---- Available data

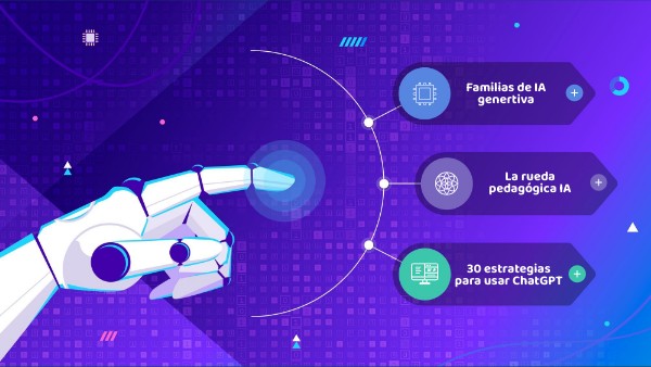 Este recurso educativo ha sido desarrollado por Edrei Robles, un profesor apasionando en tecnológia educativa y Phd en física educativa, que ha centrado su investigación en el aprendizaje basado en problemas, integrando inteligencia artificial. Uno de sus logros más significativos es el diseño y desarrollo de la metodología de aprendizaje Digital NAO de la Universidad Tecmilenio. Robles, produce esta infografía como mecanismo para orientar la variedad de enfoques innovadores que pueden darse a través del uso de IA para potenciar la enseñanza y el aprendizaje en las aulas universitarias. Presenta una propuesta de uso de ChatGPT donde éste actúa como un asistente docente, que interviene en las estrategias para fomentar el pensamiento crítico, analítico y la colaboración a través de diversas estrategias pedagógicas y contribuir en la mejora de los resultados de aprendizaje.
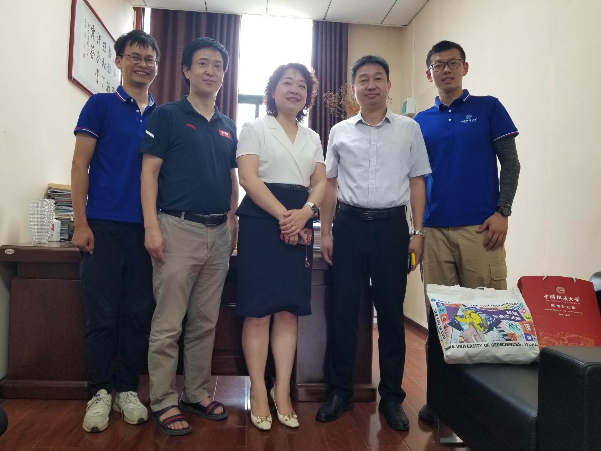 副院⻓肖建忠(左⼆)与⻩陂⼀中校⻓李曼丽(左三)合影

--------
---- Available data

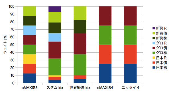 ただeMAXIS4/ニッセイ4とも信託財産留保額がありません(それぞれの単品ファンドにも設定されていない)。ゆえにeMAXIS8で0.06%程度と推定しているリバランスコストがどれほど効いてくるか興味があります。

--------
---- Available data

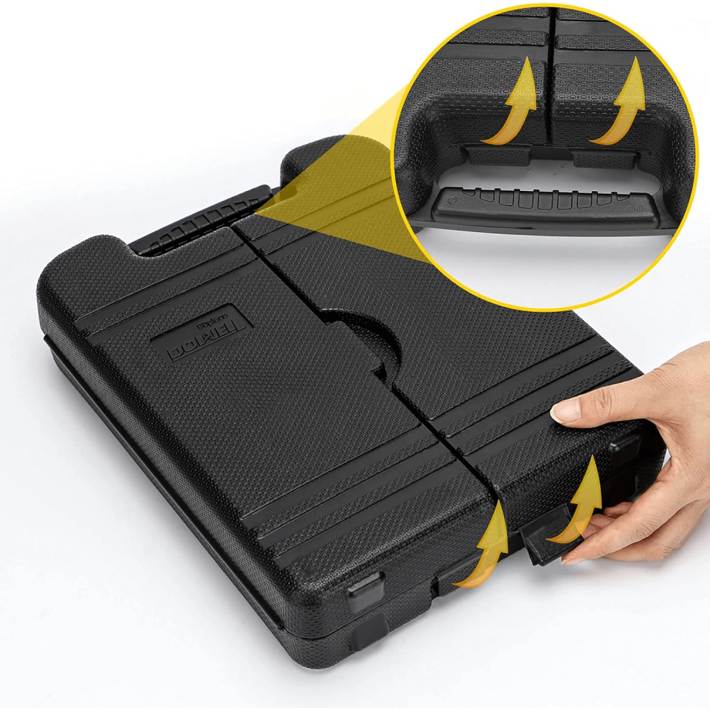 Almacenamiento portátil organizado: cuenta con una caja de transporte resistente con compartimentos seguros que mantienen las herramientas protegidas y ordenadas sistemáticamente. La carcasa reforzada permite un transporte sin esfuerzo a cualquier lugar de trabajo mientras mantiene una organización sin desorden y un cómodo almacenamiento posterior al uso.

--------

For this exercise, transcribe exactly the part of the records above that opens with the line containing "Este recurso educativo" and closes with the one containing "副院⻓肖建忠(左⼆)与⻩陂⼀中校⻓李曼丽(左三)合影". Pictures are not part of the copy.

 Este recurso educativo ha sido desarrollado por Edrei Robles, un profesor apasionando en tecnológia educativa y Phd en física educativa, que ha centrado su investigación en el aprendizaje basado en problemas, integrando inteligencia artificial. Uno de sus logros más significativos es el diseño y desarrollo de la metodología de aprendizaje Digital NAO de la Universidad Tecmilenio. Robles, produce esta infografía como mecanismo para orientar la variedad de enfoques innovadores que pueden darse a través del uso de IA para potenciar la enseñanza y el aprendizaje en las aulas universitarias. Presenta una propuesta de uso de ChatGPT donde éste actúa como un asistente docente, que interviene en las estrategias para fomentar el pensamiento crítico, analítico y la colaboración a través de diversas estrategias pedagógicas y contribuir en la mejora de los resultados de aprendizaje.
 副院⻓肖建忠(左⼆)与⻩陂⼀中校⻓李曼丽(左三)合影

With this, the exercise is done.